Faculty, doctoral students, and postdoctoral researchers from the MST Department’s Science Education program recently presented their work at the 2026 Association for Science Teacher Education (ASTE) Conference in Chicago. This year’s theme, “Science for All: Bridging Equity Gaps in STEM Education,” called on scholars to dismantle barriers to access, center culturally responsive teaching, and reimagine science education as a pathway to justice. The conference brought together researchers from around the world who are committed to transforming how science is taught and who gets to participate. 

The 2026 ASTE Conference’s theme reflects the core commitments of MST’s Science Education program, where our work is grounded in justice, care, and cultural responsiveness. Faculty and students examine how science learning is shaped by language, identity, technology, and power, and how educators can create classrooms that affirm students’ lived experiences. From elementary through secondary education and teacher preparation, the program emphasizes science as a human, relational, and socially embedded field. ASTE consistently provides a space to showcase how our work contributes to a more equitable STEM landscape.

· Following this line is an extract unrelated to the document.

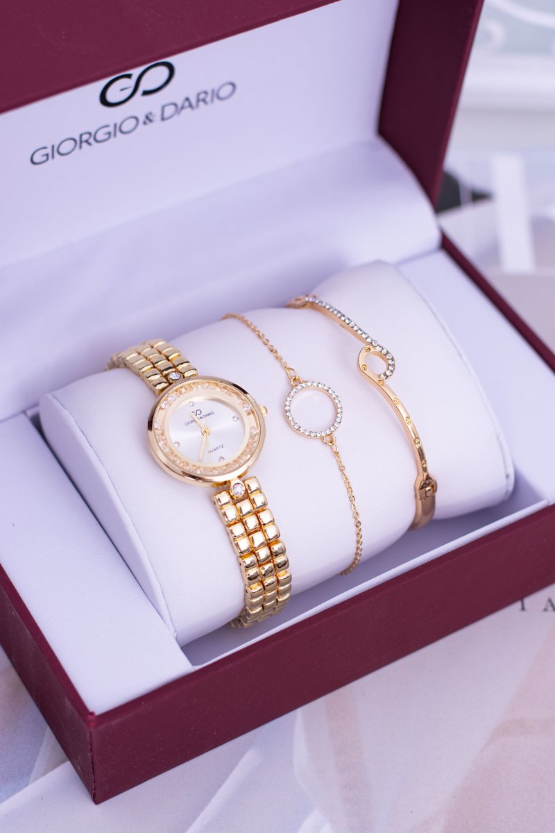 Neobyčejná sbírka hodinky Giorgio Dario, která dokonale zvýrazní vaši jedinečnost! Delikátní ozdoba ve formě zlaté hodinky s kubickým zirkonem a dvěma krásnými náramky. Sada obsahuje vše, co je na obrázku, tj. Hodinky, dva náramky a balení.

One of the program’s most significant contributions was a featured roundtable session titled “New Perspectives in Science Teacher Education: Emerging Graduate and Postdoctoral Researchers’ Showcase,” composed entirely of MST-affiliated scholars. The session highlighted a wide range of research addressing topics from teacher well-being and AI in science teacher education, to teacher professional development around the globe and emerging challenges in science education. Together, the presentations demonstrated how MST scholars are pushing the field forward by rethinking what it means to teach and learn science in today’s world.

Several projects from the session captured the spirit of Science for All. Dr. Tasnim Aziz’s work on environmental justice and youth digital activism, for example, analyzes how high school students reclaimed their identities and used social media to advocate for climate justice. Doctoral student Joyce Chen presented work that investigates how high school science teachers navigate the promises and risks of generative AI. And, Elisa Vélez-Thobois’s study of second graders’ engagement in science and engineering practices reveals how even young learners develop nuanced views of science as creative and human. 

Collectively, these scholars reflect MST’s deep commitment to bridging gaps in STEM education. Their work illustrates how science education can honor students’ identities, foster critical consciousness, and empower learners to see themselves as knowledge producers. By sharing these projects at ASTE 2026, MST faculty and students affirmed their role as leaders in shaping a more just future for science education.